Let's solve each part of the question step by step.
8.1 Effective Interest Rate Calculation
The formula to calculate the effective interest rate from the nominal interest rate \( x % \) compounded monthly is:
\[ \text{Effective Interest Rate} = \left(1 + \frac{x}{100 \times 12}\right)^{12} - 1 = 0.0992 \]
We need to solve for \( x \):
- Rearranging gives:
\[ \left(1 + \frac{x}{1200}\right)^{12} = 1.0992 \]
- Taking the 12th root:
\[ 1 + \frac{x}{1200} = (1.0992)^{\frac{1}{12}} \]
Calculating \( (1.0992)^{\frac{1}{12}} \):
\[ (1.0992)^{\frac{1}{12}} \approx 1.00797 \]
- Now, solve for \( x \):
\[ \frac{x}{1200} = 1.00797 - 1 \quad \Rightarrow \quad \frac{x}{1200} \approx 0.00797 \]
\[ x \approx 0.00797 \times 1200 \quad \Rightarrow \quad x \approx 9.564 \]
So, rounded to two decimal places, the interest rate \( x \approx 9.56% \).
8.2 Depreciation Calculation Using the Reducing-Balance Method
Using the formula for the book value after \( n \) years with reducing balance depreciation:
\[ \text{Book Value} = P \times (1 - r)^n \]
Where \( P = 4700 \), \( r = 0.18 \), and \( n = 4 \):
\[ \text{Book Value} = 4700 \times (1 - 0.18)^4 \]
Calculating \( (1 - 0.18)^4 \):
\[ (0.82)^4 \approx 0.4524 \]
Now calculate the book value:
\[ \text{Book Value} = 4700 \times 0.4524 \approx 2126.68 \]
So, the book value of the computer after 4 years is approximately R2126.68.
8.3 Investment Value Calculation
First we calculate the value of Ethanβs investment for the first 2 years at 12% compounded monthly:
- The formula for compound interest is:
\[ A = P \left(1 + \frac{r}{n}\right)^{nt} \]
Where:
- \( P = 30000 \)
- \( r = 0.12 \)
- \( n = 12 \) (monthly)
- \( t = 2 \)
Calculating:
\[ A = 30000 \left(1 + \frac{0.12}{12}\right)^{12 \times 2} = 30000 \left(1 + 0.01\right)^{24} \approx 30000 \times (1.01^{24}) \approx 30000 \times 1.2682418 \approx R38047.25 \]

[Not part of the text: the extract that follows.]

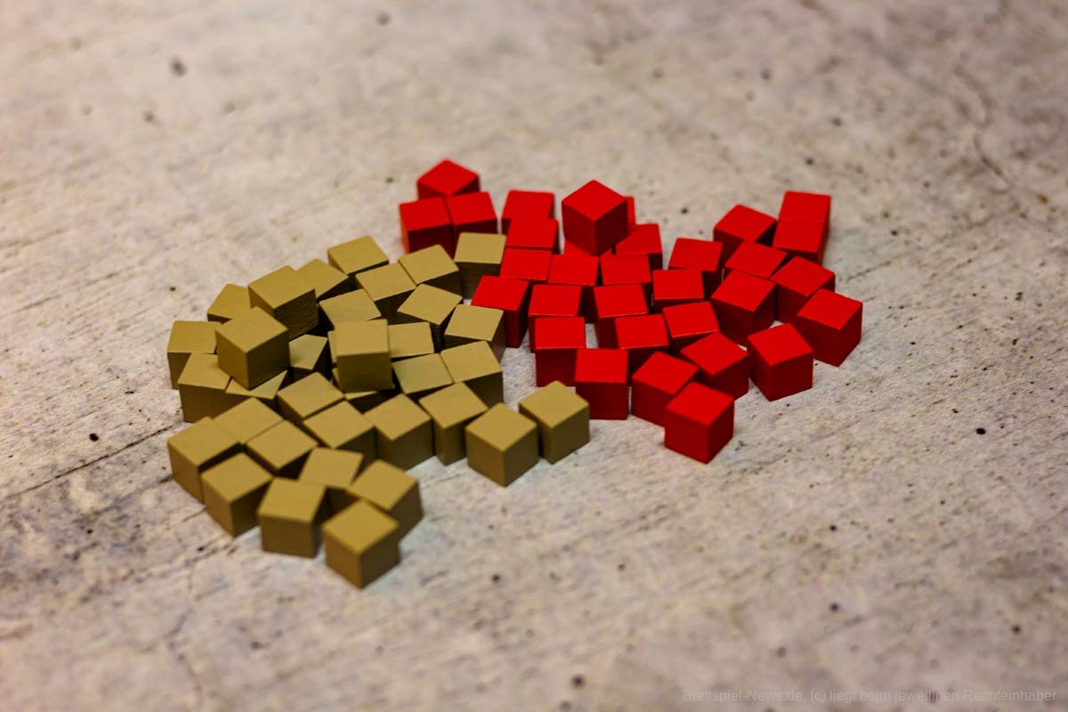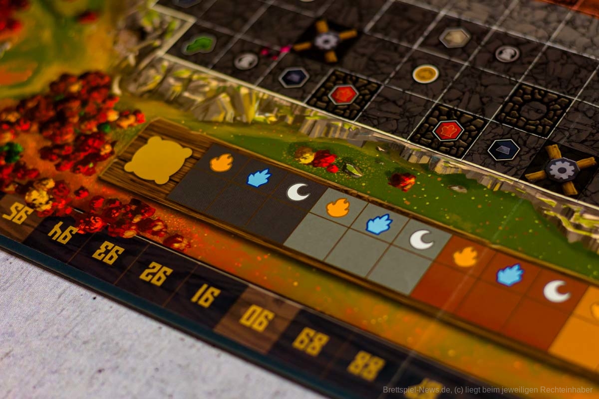 Die Spielzeit wird nicht durch eine bestimmte Anzahl von Runden limitiert, sondern ergibt sich ganz organisch aus diesem Kaskadenbau. Dabei kommt es nicht vor, dass die Spieler:innen das Spielende künstlich in die Länge ziehen, denn ohne Ressourcen lässt es sich schlecht gewinnen. Alle werden so unbewusst zum Spielende hingetrieben, wodurch das Spiel sehr rund und balanciert wirkt.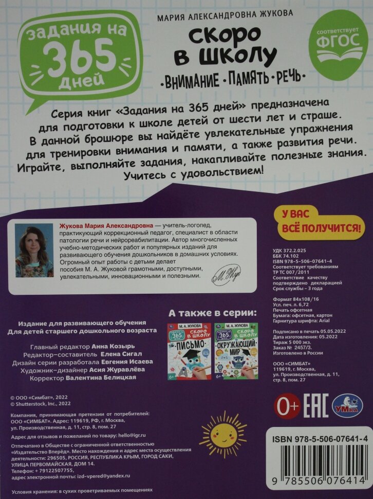 Книга Задания на 365 дней Скоро в школу Внимание Память Речь Жукова М.А. (Жукова Мария Александровна); Умка, 2020

Next, for the next 4 years at 10.8% compounded semi-annually:
- \( r = 0.108 \)
- \( n = 2 \)
Using the amount from the first 2 years as the principal:
\[ A = 38047.25 \left(1 + \frac{0.108}{2}\right)^{2 \times 4} \]
Calculating:
\[ A = 38047.25 \left(1 + 0.054\right)^{8} \approx 38047.25 \times (1.054^{8}) \approx 38047.25 \times 1.48024 \approx R56498.29 \]
So, at the end of 6 years, the value of the investment is approximately R56498.29.
8.4 Final Account Balance Calculation
First, calculate the amount in the savings account after 5 years at 18% compounded monthly:
- After 2 years:
\[ A_1 = 25000 \left(1 + \frac{0.18}{12}\right)^{12 \times 2} = 25000 \left(1 + 0.015\right)^{24} = 25000 \times (1.015^{24}) \approx 25000 \times 1.404112 \approx R35103 \]
- After withdrawing R8000:
\[ A_2 = 35103 - 8000 = R27103 \]
- Compound this for another 3 years (3 to 5 years):
\[ A_2' = 27103 \left(1 + \frac{0.18}{12}\right)^{12 \times 3} = 27103 \left(1.015^{36}\right) \approx 27103 \times 1.72033 \approx R46683.53 \]
- Now, deposit R4000 after 3.5 years, 0.5 years before the total time (from year 3.5 to year 5):
\[ A_3 = 4000 \left(1 + \frac{0.18}{12}\right)^{12 \times 1.5} = 4000 \left(1.015^{18}\right) \approx 4000 \times 1.30464 \approx R5218.56 \]
- Add this to the previous total after 5 years:
\[ A_{final} = 46683.53 + 5218.56 \approx R51892.09 \]
So, the total amount Fatima will have after 5 years is approximately R51892.09.